ISRAËL ET ETATS-UNIS

Il appartient désormais à un panel de juges de la CPI d'étudier les preuves apportées par Karim Khan et de déterminer si les conditions sont réunies pour délivrer des mandats d'arrêt.

La CPI ne dispose toutefois d'aucun moyen ni de sa propre police pour procéder à de quelconques arrestations.

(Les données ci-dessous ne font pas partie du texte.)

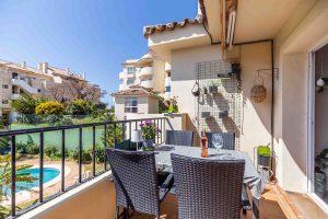 Situado en una popular urbanización dentro de una exclusiva zona de golf, el apartamento disfruta de una posición envidiable junto a Miraflores Golf, lo que lo convierte en una opción ideal para aficionados al golf y para quienes buscan tranquilidad, vistas y cercanía a la costa. Además, la playa se encuentra a solo 1.000 metros, permitiéndole disfrutar fácilmente tanto del golf como del mar.

Elle compte donc sur la coopération de ses Etats membres, au nombre de 124, dont ne font pas partie Israël ni les Etats-Unis, principal allié de longue date de l'Etat hébreu.

La juridiction basée à La Haye, qui avait émis en mars 2023 un mandat d'arrêt contre le président russe Vladimir Poutine pour des crimes de guerre présumés en Ukraine, n'était jusqu'à présent pas intervenue dans le conflit entre Israël et le Hamas.

Les Etats-Unis et Israël, qui ont exprimé par le passé leur opposition à l'enquête de la CPI et rejeté les accusations de crimes de guerre, ont dénoncé la décision de Karim Khan. Le Hamas a critiqué aussi les mandats d'arrêt réclamés contre ses trois plus hauts dirigeants.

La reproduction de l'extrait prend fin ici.